[To do] Scan the records for "Figur" and copy each line that contains it.

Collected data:
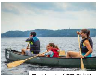
ロッセウ・レイクでのカヌー
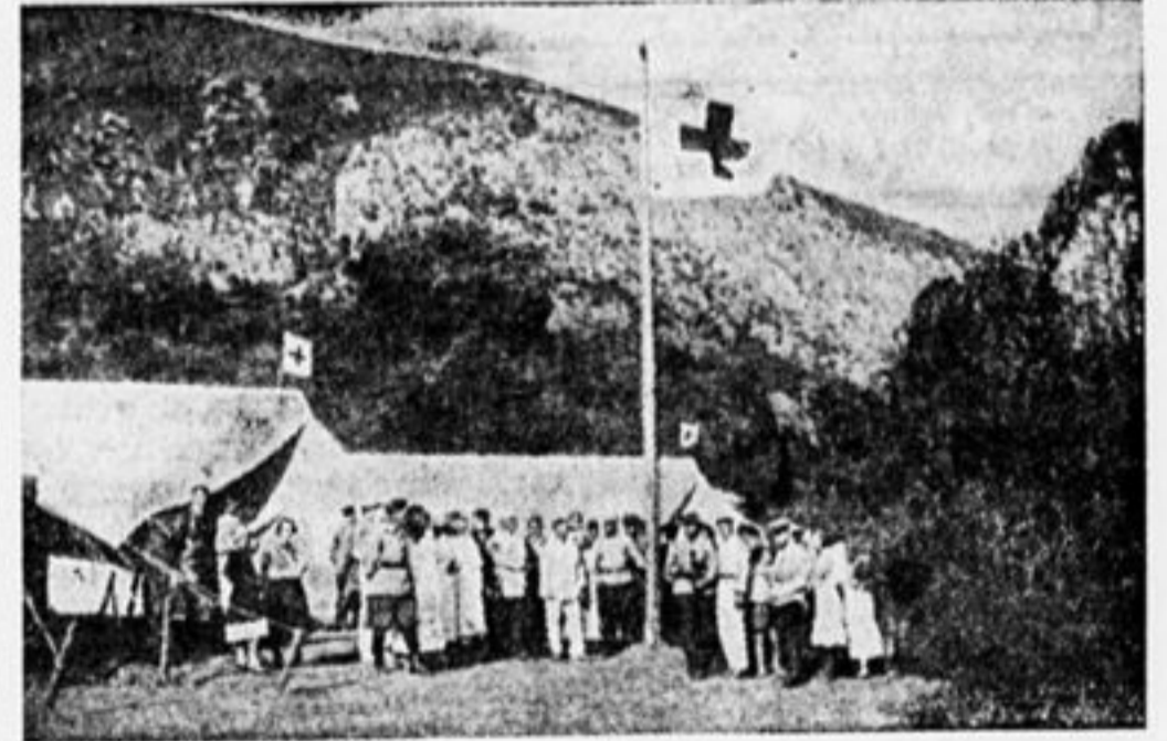
У мачты Артека.

Палатки для ребят большие, удобные, американского типа, с окнами. В два ряда вдоль палатки установлены походные кровати. У изголовья столик на 2 человека с 2-мя ящиками, а на
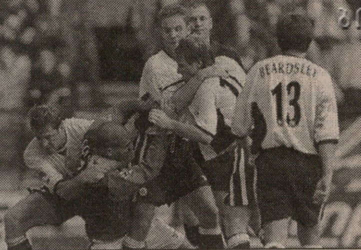
კოლიმორმა ამჟერადიც ვერ გაიტანა და ერთ-ორიკ მოხვდა

ცხადია, უფრო უფროსი მოტყუება არ უტყვის — ეს ამითი დარი გოლი კიდევ ერთხელ იხილა მაყურებელმა, როცა თავის მოედანზე ჩარჩენილმა მაკმანამანმა ორმოცმეტრიანი პასით ერთხელ ბერგერი და რიდელე დატოვა დე გუსისთან „სალაპარაკოდ“ და ჩეხმა პირველი ლივერპულიერი ჰეთ-თრიქი გაახერხა. ეს 57-ე წუთზე მოხდა და „ჩელსის“ მარცხი ცხადი გახდა — 3:1.
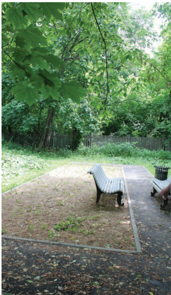
Площадка для петанка на Прудовом проезде

обеспечить жителей района спорт-площадками – футбольными, волей-большими, тренажерными. А следующей задачей будет организация спортивной работы (кружки, секции, соревнования). Проекты благоустройства дворовых территорий, в том числе спортивных объектов, формируются управой на основании предложений жителей. С проектами знакомят и депутаты. Но у нас действуют законы и бюрократи-
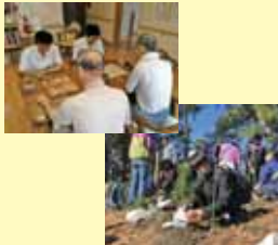
静岡市立清水桜が丘高等学校 囲碁将棋部 (静岡市)

平成25年4月から、地域と交流しながら棋力を向上させるために始めた地域の施設でのボランティア活動をきっかけに、活動を拡大しながら継続している。高齢者福祉施設だけではなく、夏休みには小学校へ出向き、宿題の手伝いも行う。三保の松原の清掃活動にも参加するなど、地域の活動に大きく貢献している。
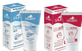
ID 31283 ROSSO 100% Efficacia attiva AZZURRO Ipoallergenico
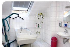
Dusche und Bad
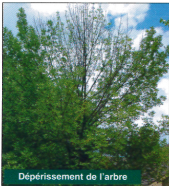
Dépérissement de l'arbre
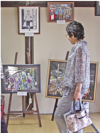
伊勢屋旅館の切り絵展。2階の広間に56点の作品が飾られました。切り絵展は新聞にも取り上げられ、500人を超える見学者が訪れました。4月29日と5月6日は、切り絵の体験教室も開かれました。

今年のゴールデンウィーク、真壁地区では真壁八七咲き社中と桜川本物づくり委員会の皆さんを中心に、真壁に來られた方に楽しんでもらうと、建物を開放し色々な展示などが行われました。
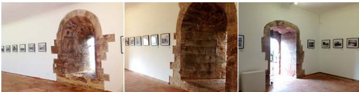
❶ Fotos retrospectivas sobre el castillo. ❷ Su ventana con una gran abocinamiento con derrame interior. ❸ Puerta de acceso a esta sala.

En una de sus torres se exponen los objetos fruto de las excavaciones realizadas desde 1984 donde se encuentran diversas muestras desde el S. VIII hasta el XIII.
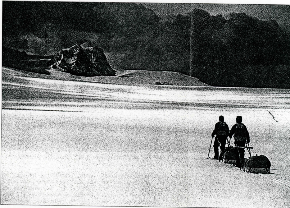
Campo de Hielo Sur o Hielos Continentales, como le dicen en Argentina, fue repartido lo más salomónicamente posible entre ambos países.

El golpe dolió a los chilenos, especialmente a las fuerzas armadas, que están formadas para defender la soberanía nacional. El país ya había perdido un pedazo de
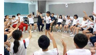
【5つの課題に挑んだ 「イニシアチブゲーム」】
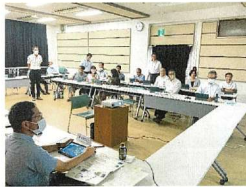
タブレット操作研修会の様子（左：焼津市 右：森町）
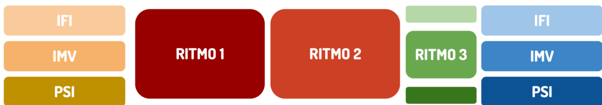
Figur 2: Skjematisk fremstilling av RITMOs oppbygging, overgangsperiode og innfasing.

En slik tidslinje (som skissert i Figur 2) vil sikre nødvendig avslutning av pågående RITMO-aktiviteter og en god innfasing ved de respektive instituttene. Ikke minst vil det sikre at de fast vitenskapelig ansatte får tilstrekkelig tid til å “høste fruktene” av senterets aktiviteter gjennom å gjøre ferdig publikasjoner og datasett og utvikle nye prosjekter og samarbeidsflater, både når det gjelder forskning og utdanning.
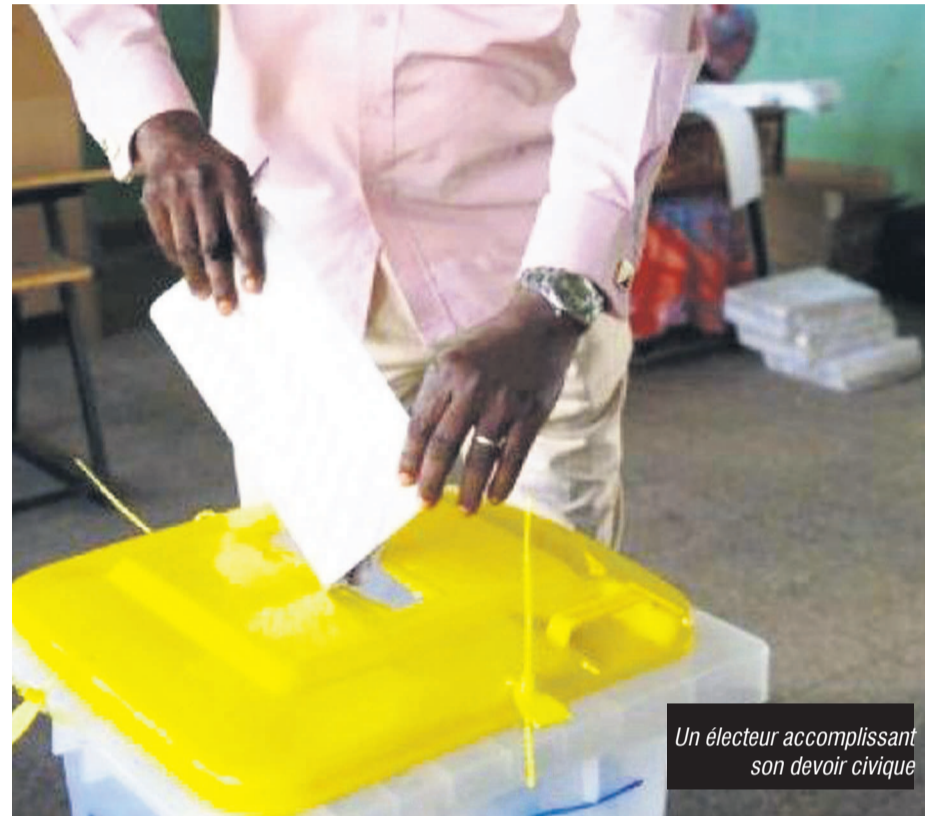
Un électeur accomplissant son devoir civique

[Result]
Figur 2: Skjematisk fremstilling av RITMOs oppbygging, overgangsperiode og innfasing.
En slik tidslinje (som skissert i Figur 2) vil sikre nødvendig avslutning av pågående RITMO-aktiviteter og en god innfasing ved de respektive instituttene. Ikke minst vil det sikre at de fast vitenskapelig ansatte får tilstrekkelig tid til å “høste fruktene” av senterets aktiviteter gjennom å gjøre ferdig publikasjoner og datasett og utvikle nye prosjekter og samarbeidsflater, både når det gjelder forskning og utdanning.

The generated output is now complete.